# EXERCISE
The listing below should be printed in full and exactly, apart from its images.

# PROVIDED DATA
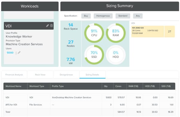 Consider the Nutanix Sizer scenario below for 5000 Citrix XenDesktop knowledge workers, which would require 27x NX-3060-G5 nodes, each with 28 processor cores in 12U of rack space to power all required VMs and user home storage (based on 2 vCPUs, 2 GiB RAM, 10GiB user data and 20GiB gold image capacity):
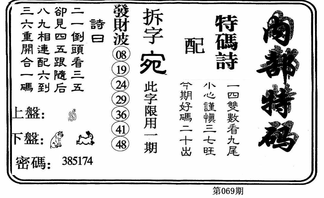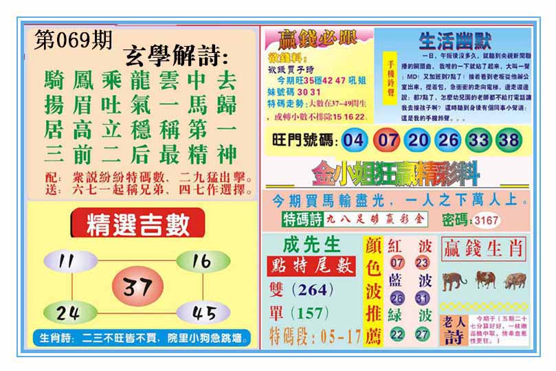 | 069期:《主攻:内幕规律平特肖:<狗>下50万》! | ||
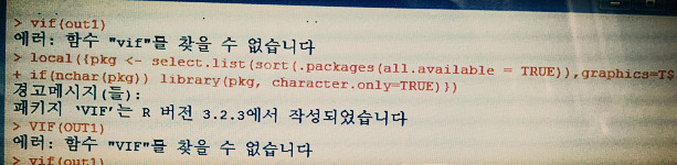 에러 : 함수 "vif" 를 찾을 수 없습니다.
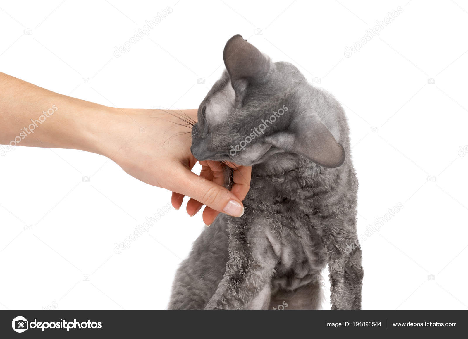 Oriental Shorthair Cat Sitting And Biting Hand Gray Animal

# EXPECTED ANSWER
 Consider the Nutanix Sizer scenario below for 5000 Citrix XenDesktop knowledge workers, which would require 27x NX-3060-G5 nodes, each with 28 processor cores in 12U of rack space to power all required VMs and user home storage (based on 2 vCPUs, 2 GiB RAM, 10GiB user data and 20GiB gold image capacity):
 | 069期:《主攻:内幕规律平特肖:<狗>下50万》! | ||
 에러 : 함수 "vif" 를 찾을 수 없습니다.
 Oriental Shorthair Cat Sitting And Biting Hand Gray Animal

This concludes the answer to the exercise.